BUDAPEST, Hungary (AP) — Hungarians on Monday awoke to a new round of strict lockdown measures aimed at slowing a record-breaking wave of COVID-19 hospitalizations and deaths that are among the worst in the world.
A rapid rise in pandemic indicators since early February prompted Hungary’s government to announce the new restrictions, including closing most stores for two weeks and kindergartens and primary schools until April 7. Most services are also required to cease operations, and the government urged businesses to allow employees to work from home. Grocery stores, pharmacies, gas stations and tobacconists can stay open.
Hungary’s high schools have been remote learning since November and its bars, restaurants and gyms have been closed since then as well.
Hungarian Prime Minister Viktor Orban has warned that the strain on the country’s hospitals will soon surpass any other period in Hungary since the pandemic began, and that failing to impose harsher restrictions now would result in a “tragedy.”
“The next two weeks will be difficult … but if we want to open by Easter, we’ve got to close down,” Orban said Friday on a Facebook video.
The number of patients on ventilators in Hungarian hospitals has more than doubled in the last two weeks, with 806 patients on Monday compared to the previous peak of 674 in early December.
Deaths have also risen sharply. With nearly 16,000 confirmed deaths in a country of fewer than 10 million, Hungary has the 8th worst death rate per 1 million inhabitants in the world, according to Johns Hopkins University.
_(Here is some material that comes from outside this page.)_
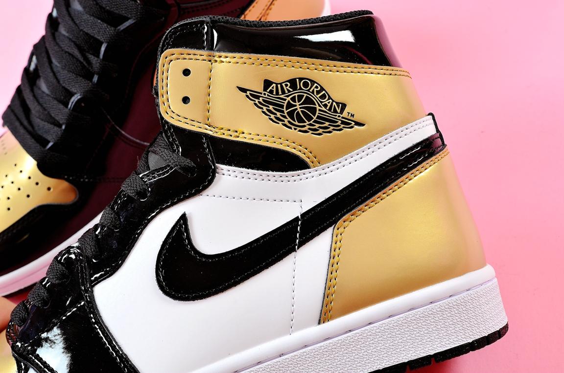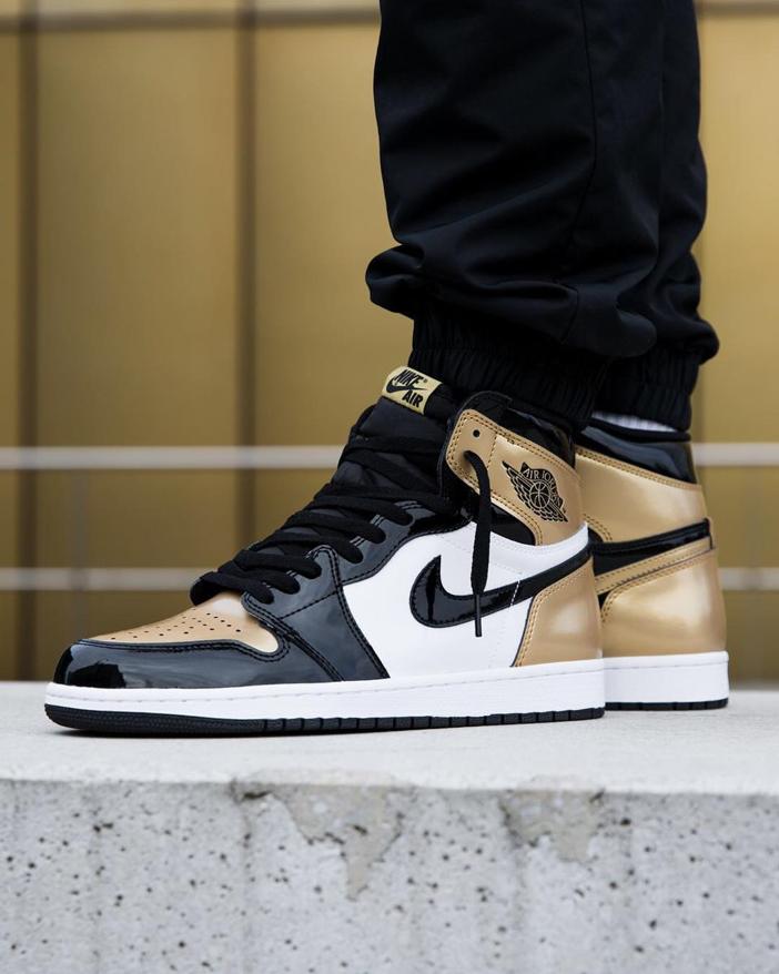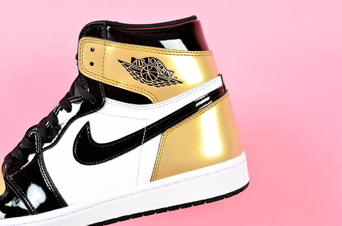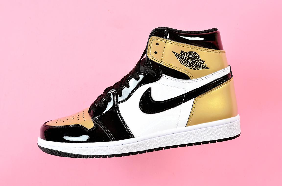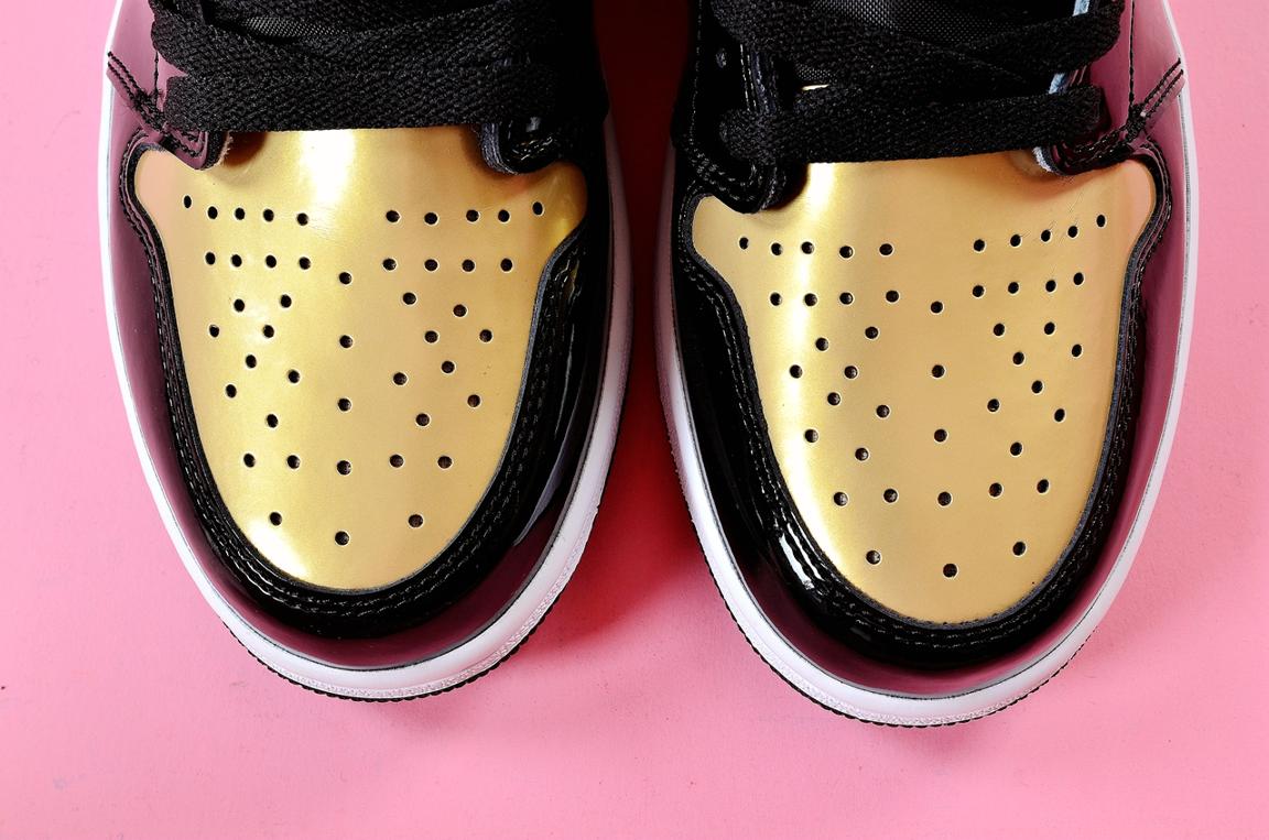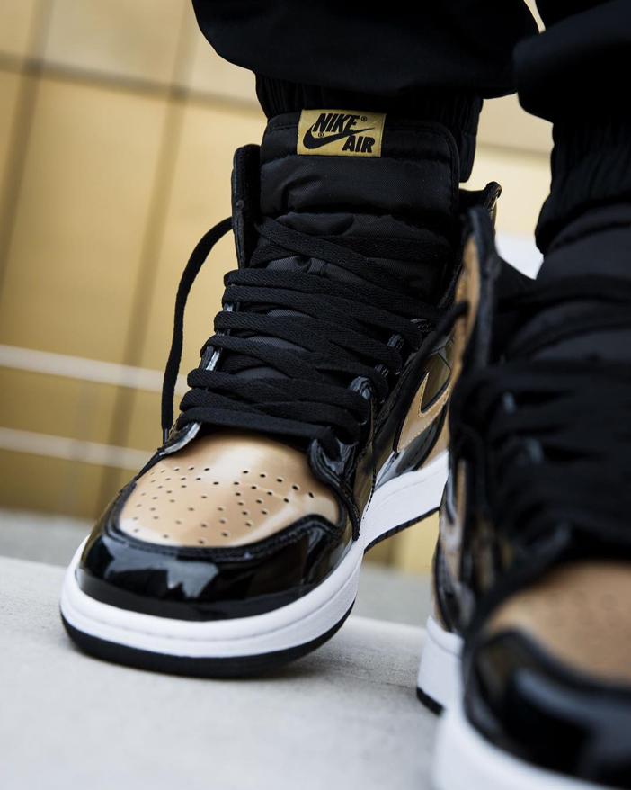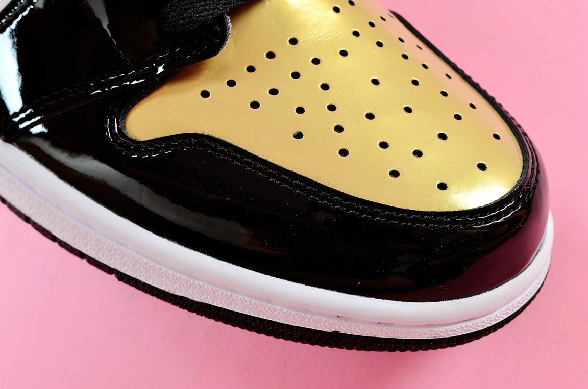 Модель Nike Air Jordan 1 Retro High OG NRG Gold Toe выпущена 16 февраля 2018 года. Кроссовки с золотым мыском оснащены черным лакированным верхом из кожи с металлическими акцентами на перфорированной отделке, фирменным язычком и пяточной панелью. Модель также имеет белую боковую часть, которая простирается от средней части стопы до пятки. Другие детали включают в себя замшевые акценты на структуре шнуровки, большой фирменный логотип Swoosh и белую мидсоль с черной подошвой.- Цвета: Black/Black-Metallic Gold-White

The number of COVID-19 patients being treated in hospitals is also likely to break its previous record on Tuesday.
“We can see that the third wave is spreading very forcefully, mainly due to (virus) variants,” Hungary’s chief medical officer Cecilia Muller said Sunday. “We can’t do anything else now but break the chain of infections.”
The new restrictions came as many Hungarian businesses were already struggling to make ends meet as shoppers stayed at home amid the surging cases. Zoltan Suto, the founder and owner of Hungarian fashion brand Griff Collection, said revenues were down 70% through the winter thanks to cautious consumers avoiding crowds at shopping malls.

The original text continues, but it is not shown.